I didn't declared, I wondered aloud, and I totally assume it. It was an intentional hint that you clearly missed.
And there's really no way for someone to seriously take this as an affirmation, since while writing this, I still took the time to look in detail at your 270 KB scene, and to wrote tenth of lines, still trying to help you. What I obviously wouldn't have done if effectively I thought that you didn't deserved to be helped.


And now you are engaging in historical revisionism pretending none of that ever happened.
At no time there's, in my previous messages on this thread, something that can be interpreted like that. As for this message, I just correct your obvious lies.
Note that, unlike you, I decided to name them "lies", in order to not insult my interlocutor by talking about "historical revisionism".
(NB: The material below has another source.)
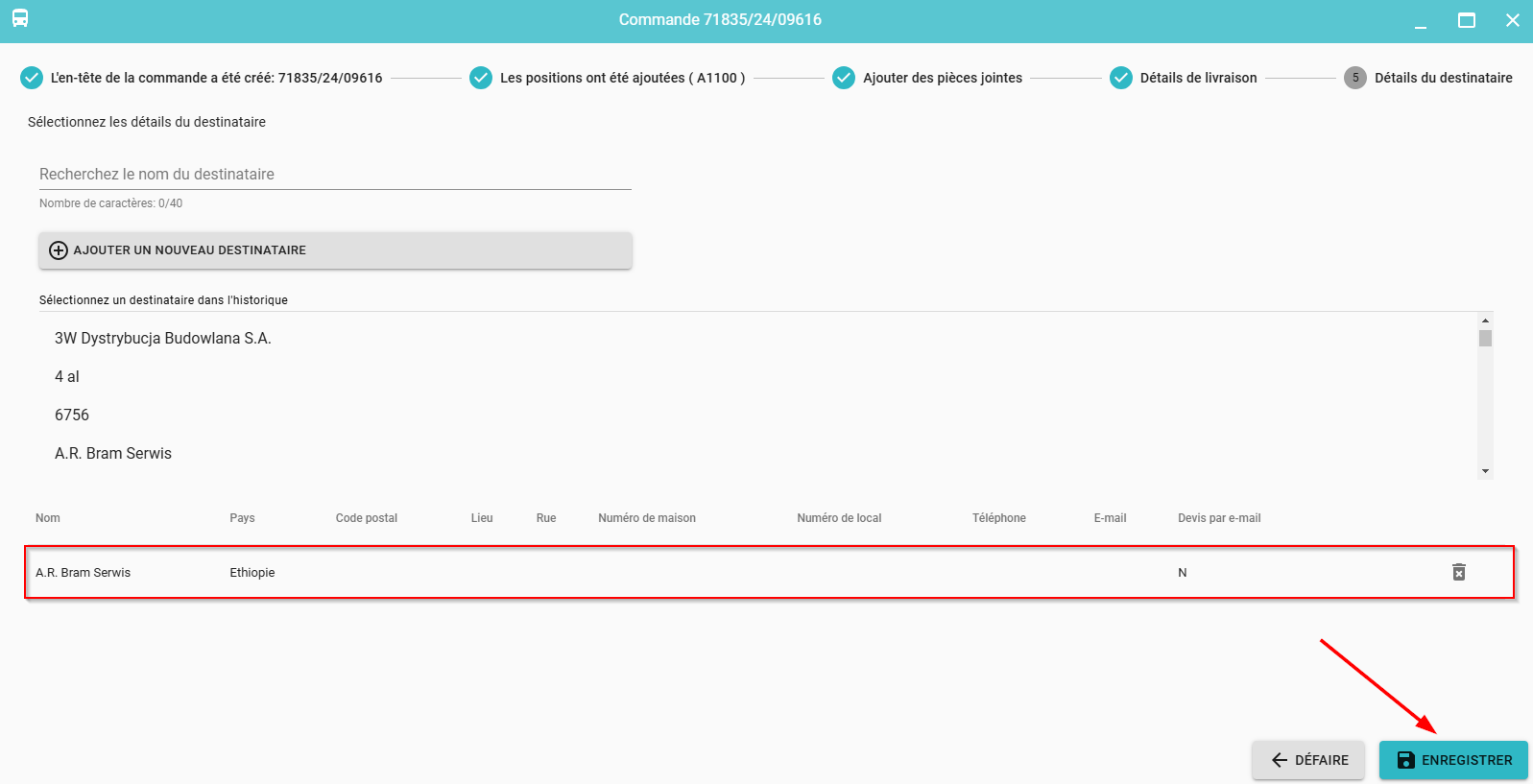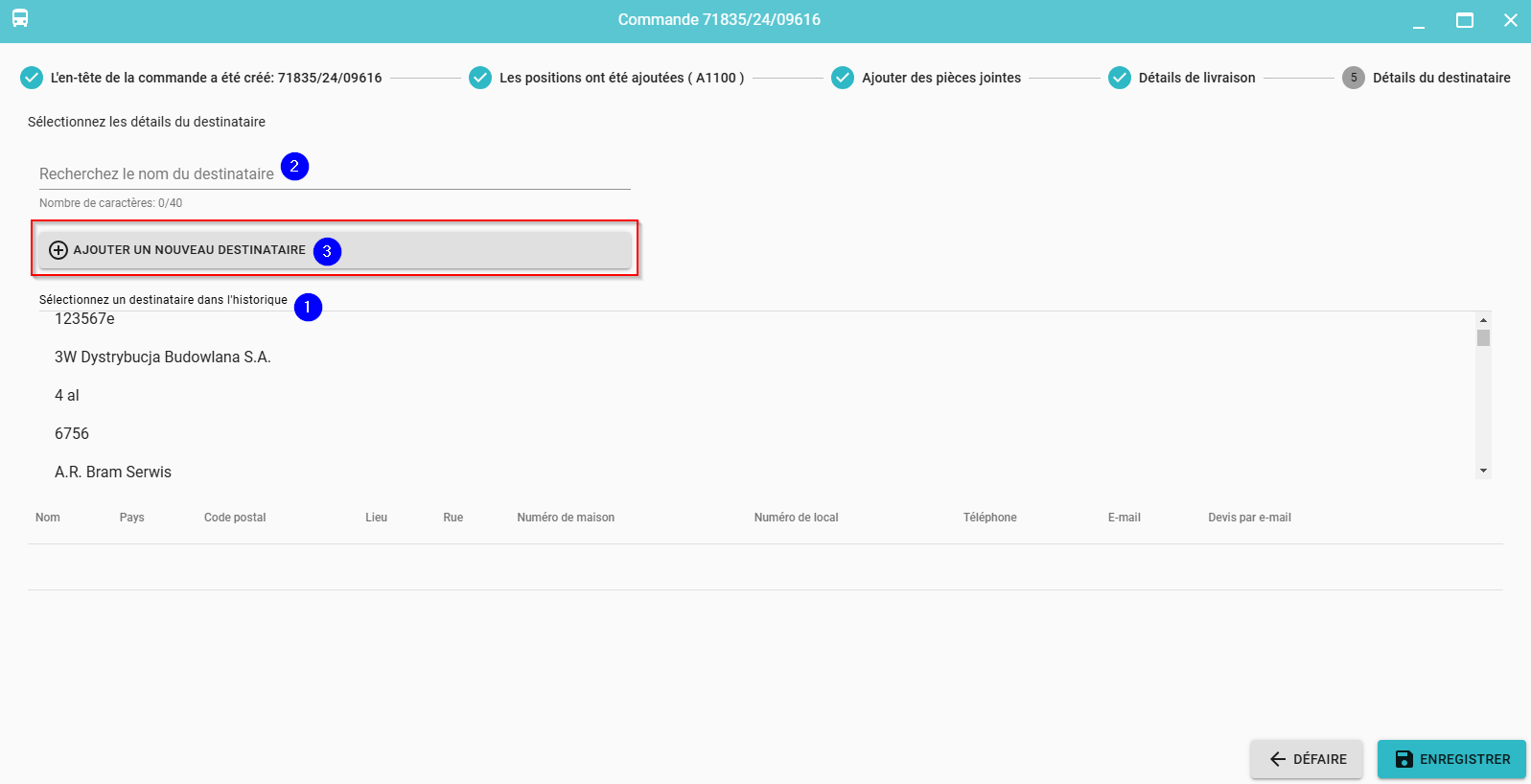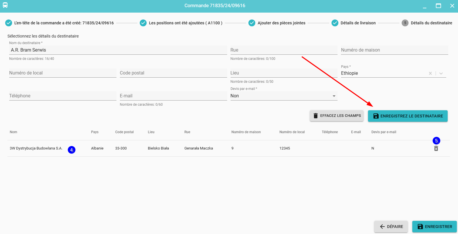 Si vous souhaitez supprimer un destinataire de la commande en cours, vous pouvez le faire en cliquant sur le bouton (5)

Respect means treating others as equals. Something I have done and you have not.
You didn't :
And, frankly, I'm losing patience with people's opinions about how complex they believe the scene to be. It is not relevant to the issue at hand. Any complexity present or lacking in one scene should be present or lacking in the other scene ergo the render times should be the same... yet they are not. That is the subject at hand. I don't think you intended to derail this thread but as that is now what is happening I need to ask you to drop it.
You're clearly assuming that anyone else than me who tried to help you didn't cared to read your thread opening, your other messages, and to think by themselves. Instead, you present them like sheep that saw me talk about the lack of optimization of your scene, then decided to blindly follow.
In what universe is this a respectful behavior ?


I'm very conscious of the need for further optimization. But that is not the subject at hand. And you don't get to come into my thread and decide that the thread should be about something else. That is the very opposite of respectful.
And once again, this obvious lack of respect you have for anyone who wrote on this thread. As if they pointed the lack of optimization just because I did, and not because, for the experienced persons they are, it really seem to be the effective cause of your problem.


For example, continuing to suggest that IRAY is resorting to CPU rendering despite me repeatedly pointing out that I have CPU rendering disabled and have confirmed that the logs show the GPU is being used.
I only talked about the CPU once:
Be noted that this lack of optimization can also lead Daz to render everything relying only on the CPU, because the GPU RAM is too small. What would also have a strong impact on the time needed to render the scene. But I doubt that it's the case here, the scene is too small to not fit on the 8GB of your RTX 3070.
But it wasn't to "[continue] to suggest that IRay is resorting to CPU rendering", but to explicitly say the opposite.

And I was just talking about a well know fact. If the whole scene don't fit in the GPU RAM, Daz will not magically generate more RAM, it will pass over its configuration and use the CPU, dot.


It's you people that have repeatedly rejected answers you didn't like.
Say the person who've, so far, rejected all the answer, stating that "it's not the problem".

I've been on this Earth since near to 50 years, and I past near to 35 years on forums (BBS before internet). I've seen thousands of people asking for help, just to discover that the problem wasn't at all what they thought it was ; it even happened to me, as for anyone else.
But no, you aren't one of those. You admit yourself that you don't have a single clue about what can be your issue, but there's one thing you're absolutely, totally, and definitively, sure about, the lack of optimization cannot be the issue you're facing. And you're sure about this even after having been explained, by more than one person, why and how it can effectively be at least part of the issue you're facing.

But you must be right, we are the ones rejecting the answer we don't like. It make no sense since we also are the ones answering, but you're surely right anyway.